Lighting has been a part of Habitat’s response in Myanmar. In Thaung Lay, Ye Twin Seik and seven other villages, Habitat plans to build nine solar lamp recharging stations and distribute more than 600 solar lamps to families. The families can use the lamps to light their homes at night.
To enable house repairs during the monsoon season, Habitat has already distributed roofing and lumber materials to 473 families in seven villages. Once the monsoon season is over, these materials can be reused for more permanent housing structures.
In the first phase of the partnership with World Concern, Habitat completed a total of 438 houses in five villages. It also helped supervise the construction of jetties and repairs of roads through a cash-for-work program funded by World Concern for affected families.
The houses are cyclone-resilient structures built to exceed United Nations standards for strength and space. The strengthened timber-framed houses sit on lightweight concrete stilts. Walls and floors are made of woven bamboo, and roofs use galvanized iron sheets. While latrines were built for affected families under the first phase of the cyclone response program, families will take the lead in creating communities free of defecation in the open. In addition to being given materials to build their own latrines outside their houses, families will be trained under World Concern’s Community Led Total Sanitation methodology to be aware of the risks of open defecation and to take action. Each of the beneficiary families is also provided with a 50-liter ceramic jar for collection of rainwater which flows from the gutter of their houses.
As of the first phase, Habitat built three solar lamp recharging stations and distributed solar lamps to 268 families in in Aima, Char Thar Gone and Poulong Lay villages in Pyin Alan village tract.
Habitat works with the government’s local Peace and Development Councils who take an integral role in construction. Led by the head of a village, the council selects families to be helped with priority given to the most vulnerable groups such as widows and the landless. The council also prepares the site for construction while construction teams provide labor and see to actual home construction. Habitat provides technical supervision, skill transfers, materials and logistics.
Other than housing needs, the livelihood prospects of the predominantly fishing communities in affected areas were also addressed.

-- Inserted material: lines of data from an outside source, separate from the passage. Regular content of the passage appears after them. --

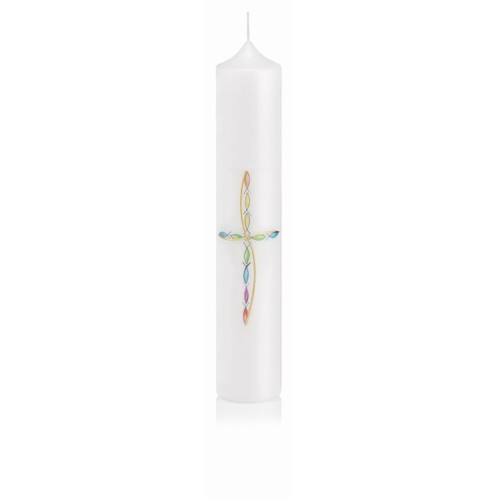 Taufkerze Kommunionkerze Konfirmationskerze ABUNDIUS, verziert, weiß-bunt, 26,5cm, Ø5cm - Made in Germany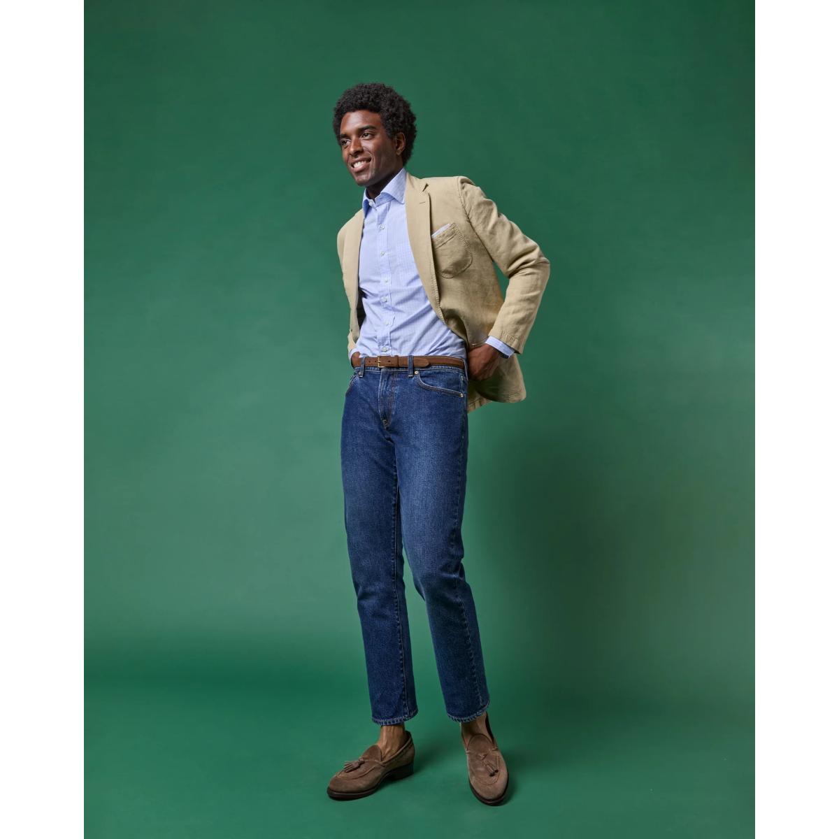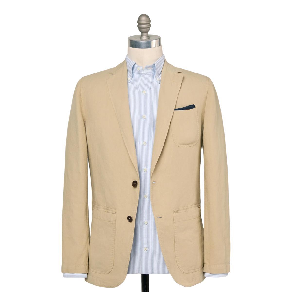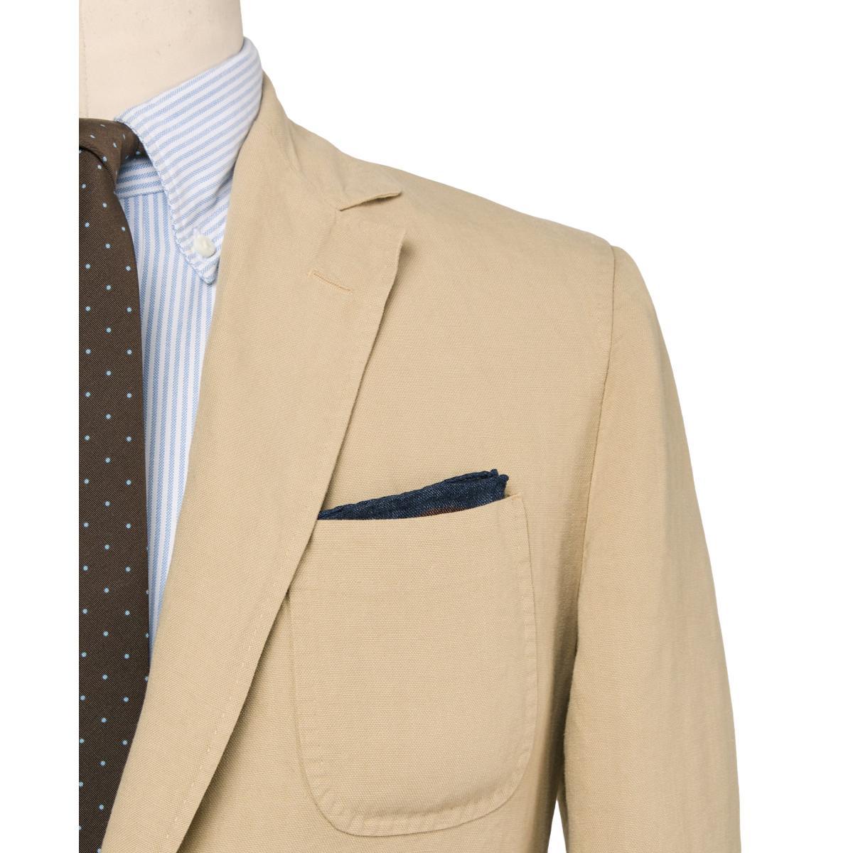 Somewhere between a chore coat and a blazer, the Butcher might be the easiest jacket Sid makes. This one's made from a half-and-half blend of cotton and canapa, which is a rare hemp yarn with the same kind of textured crunchiness as linen and flax. It's spun in Italy in small quantities and gets better the more you wear it, so it's especially great blended with cotton in a canvas weave. It's unlined and unstructured, with a natural shoulder and pickstitched spalla camicia shirtsleeve construction. The pockets on the front are special, too: they designed them so that you can tuck in the flaps (without looking like you just tucked in the flaps) for a more open look. There are even reinforced elbow patches to really drive the “casual” thing home. The fit of the Butcher is easy, with a touch more room in the body than their tailored jackets. Italian canapa canvas 51% canapa/49% cotton brown corozo buttons unlined and clean-finished with buggy pickstitched spalla camicia shirtsleeve construction natural shoulder 2-button, undarted front elbow patches two hybrid patch-flap pockets with patch pocket at chest one interior chest pocket nonvented, finished sleeve side vents made in Portugal dry clean only alterations available in store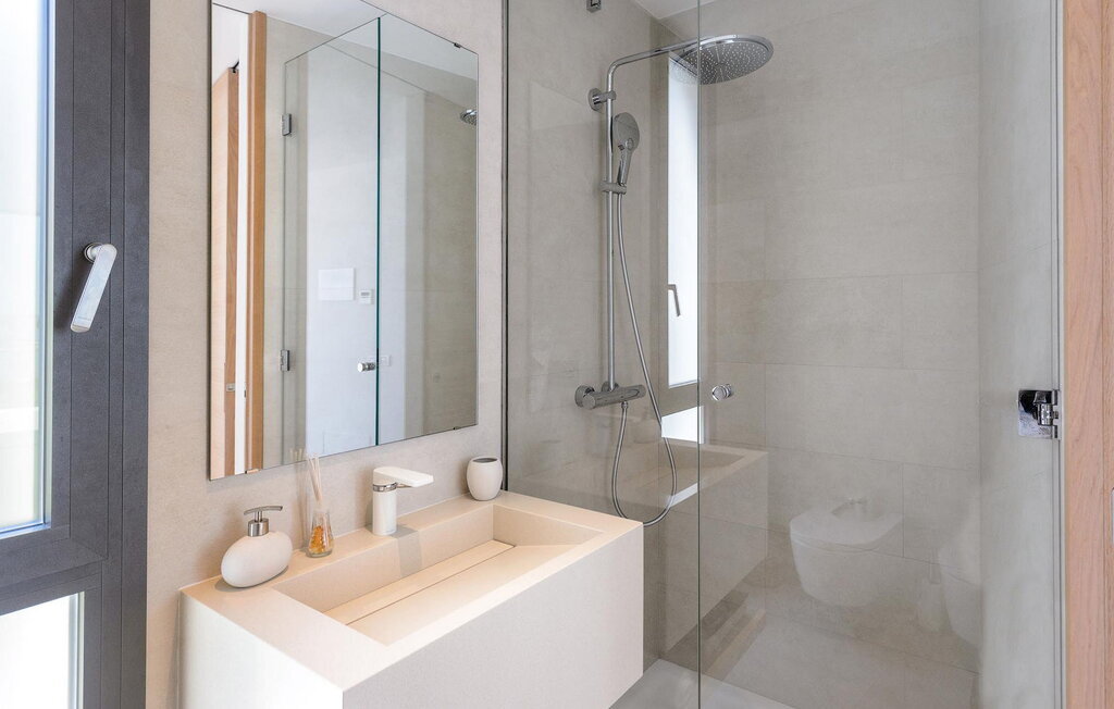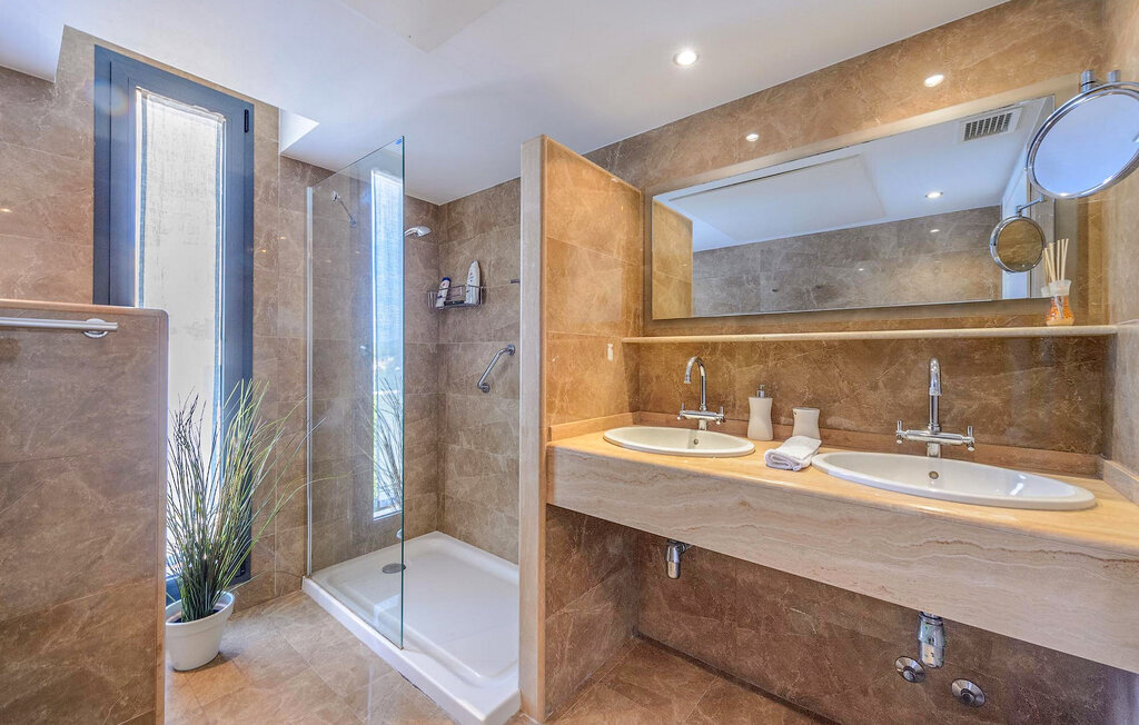 Au dernier étage se trouve la chambre principale avec un lit de 2x2 m, une terrasse privée et une salle de bain privée avec douche. Il y a également une chambre double avec un lit de 1,80x2 m, une salle de bain privée avec douche et un espace bureau avec une salle de bain supplémentaire avec douche.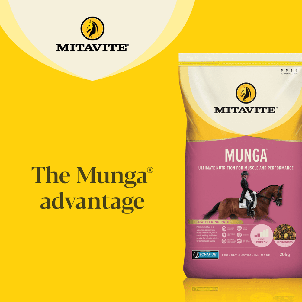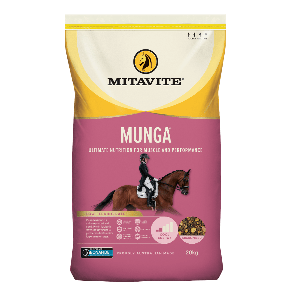 Mitavite Munga Horse Food is a grain-free, low-starch muesli concentrate designed to provide cool energy and support the nutritional needs of performance horses. This nutrient-rich formula promotes lean muscle development and assists in recovery, making it an ideal choice for training, competition, and post-illness care.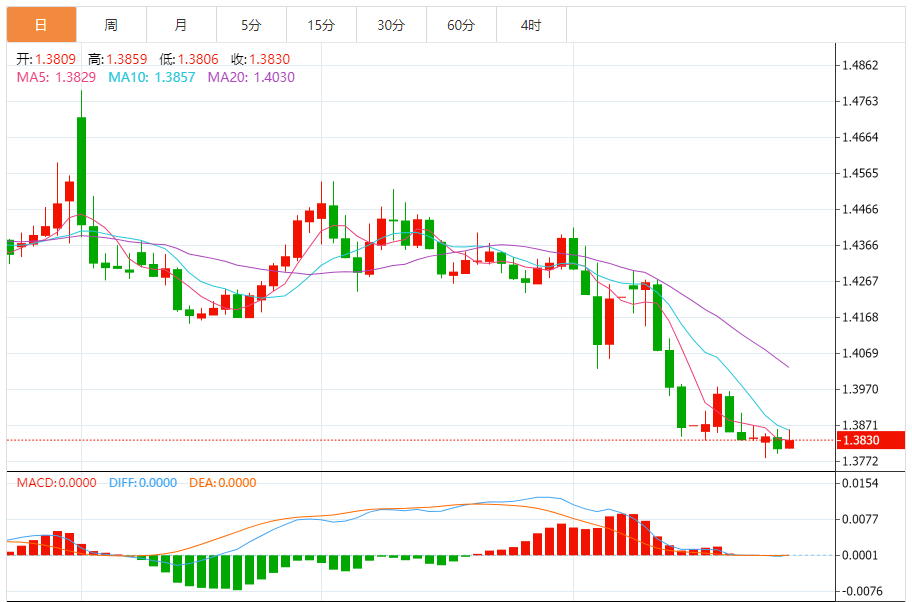 周三,美元/加元徘徊于1.3830下方,现交投于1.3828附近,涨幅0.15%。
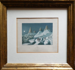 4 lithographies en couleurs selon le procédé Baxter, chacune encadrée, avec le timbre sec de Baxter en marge avec le titre de la vue, (dimensions des images : 13,5 x 10,5 cm). Premier tirage des vues destinées à illustrer l’ascension du Mont-Blanc par Macgregor en septembre 1853, à l’occasion de l’inauguration du premier refuge des Grands Mulets, en présence d’Albert Smith. Les vues représentent : 1) The glacier du Taconnay 2) Leaving the Grands Mulets 3) The steep and deep precipice of the Mur de la Côte 4) The summit.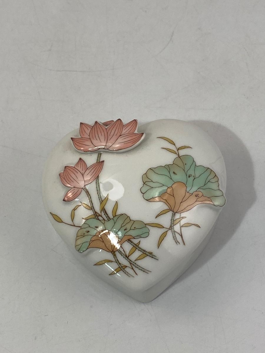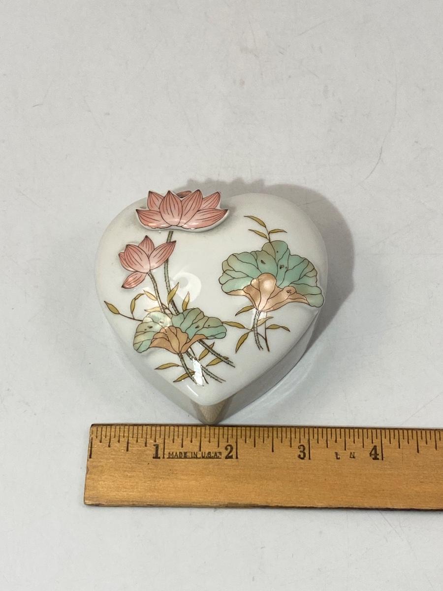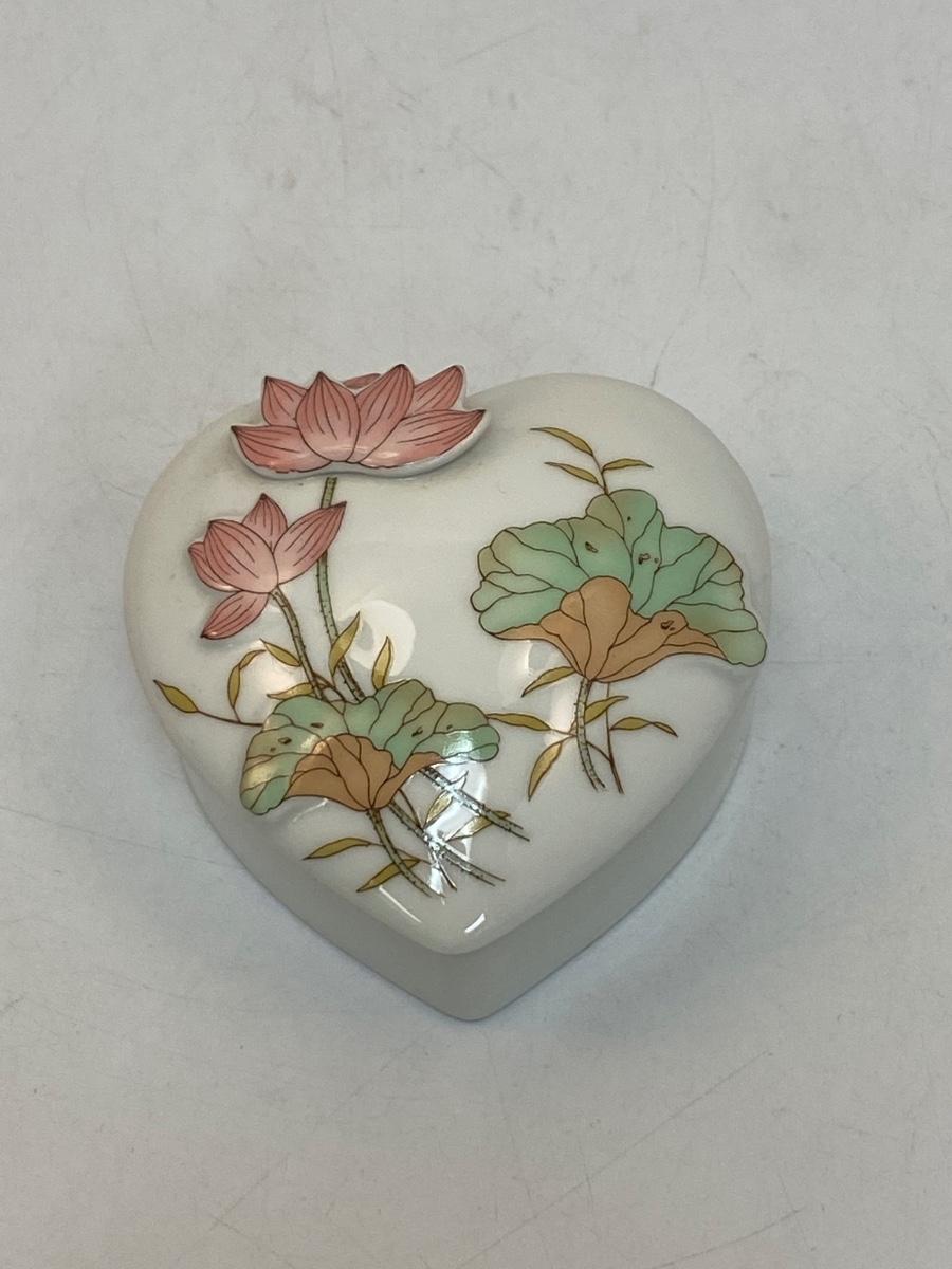 Retro Lotus Flower & Ginkgo Leaf Patterned Heart Shaped Trinket Box. In good condition. Unbranded.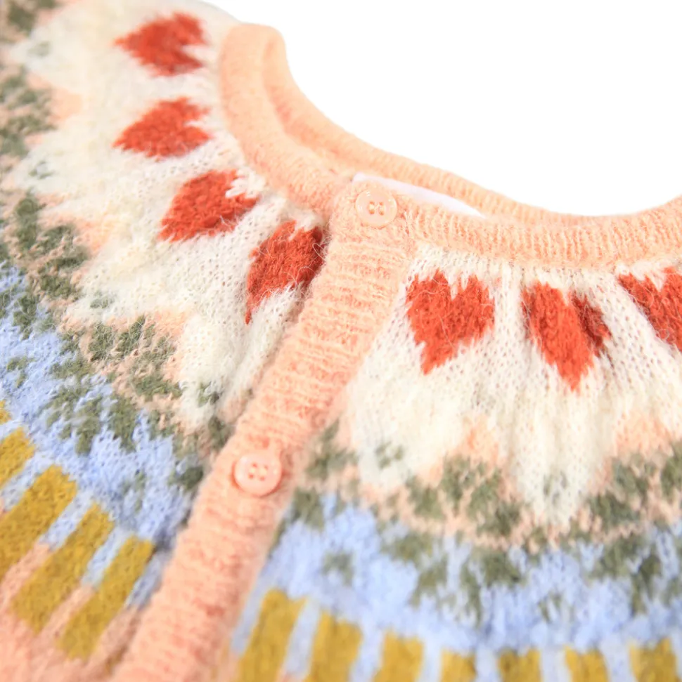 Heldragt fra Molo i blød alpakauld med nordiskinspireret mønster. Dragten har lange ærmer og ben samt en praktisk knaplukning foran, der gør den nem at tage af og på.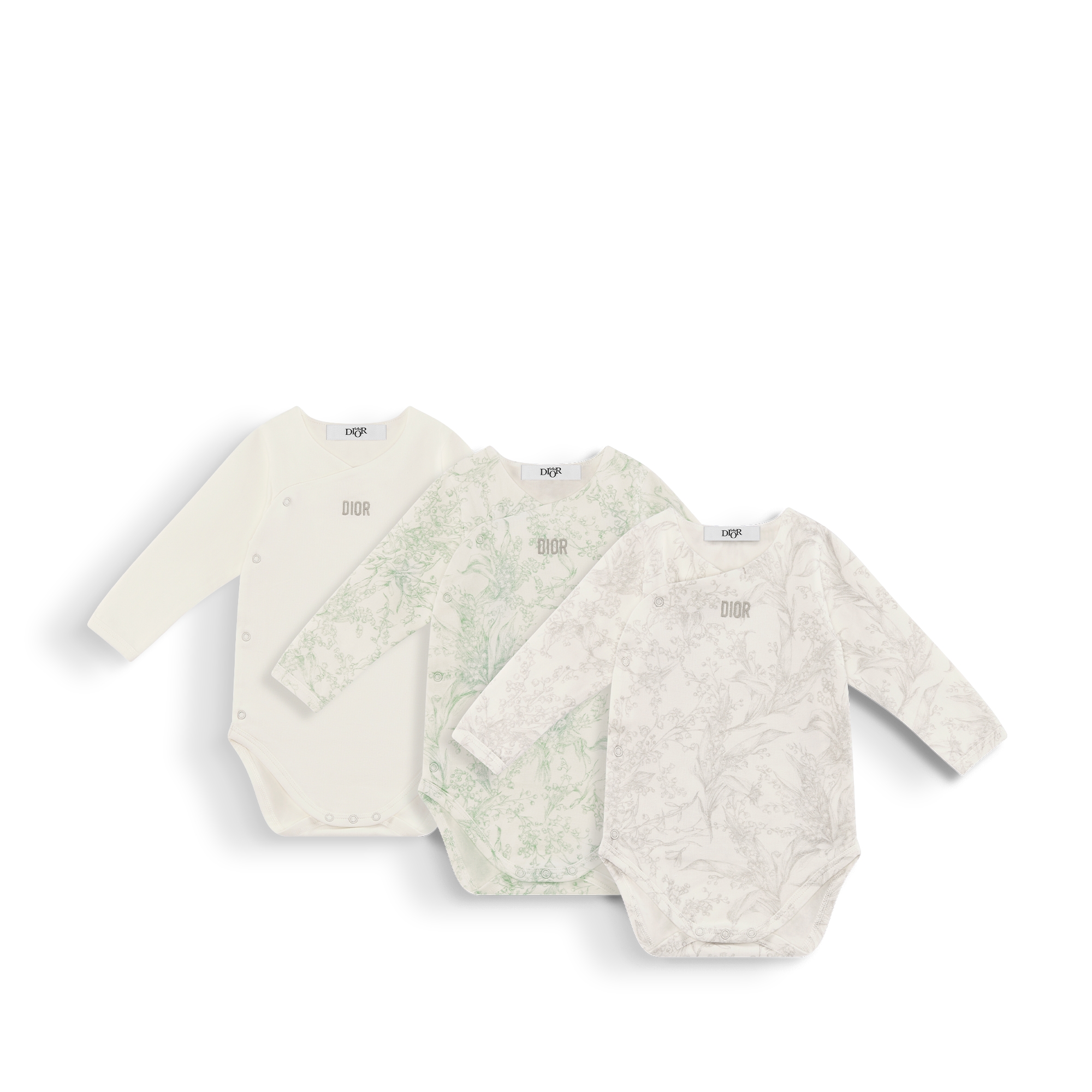 象牙色棉质双面布绿色和灰色铃兰印花

In the villages where Habitat built houses, at least 200 skilled and unskilled workers were able to improve themselves through on-site training in carpentry and other construction skills. A typical training session began with a general introduction to the cyclone-resistant house design and types of materials used, among others. Three model houses would then be built with skilled carpenters from other villages being on hand to guide their newly trained counterparts. After evaluation of the completed model houses was done, construction of the remaining houses went into full swing.
An evaluation report of the first phase of reconstruction in the World Concern-Habitat partnership indicated that: “The housing design had substantial community input, and is well-suited to these villages. Construction utilized local labor, thus providing income, increasing skills and ensuring sustainability.”
Cyclone Nargis, the worst cyclone to hit Myanmar in decades, struck on 2nd May 2008. Some 145,000 people were reported to have perished and more than 50,000 others were listed as missing. The damage in one of the world’s poorest nations was estimated at US10 billion.
Since the cyclone, World Concern worked through its network of more than 40 partners to provide food, shelter supplies, clothing, medical care and counseling services to more than 13,500 affected families.
In July 2008, World Concern began to implement an integrated multi-sectoral disaster recovery program in 30 villages in Labutta township. Habitat is among World Concern’s coordinating partners in the first phase of its program to facilitate early recovery and restore immediate access to food, water, shelter, income and healthcare.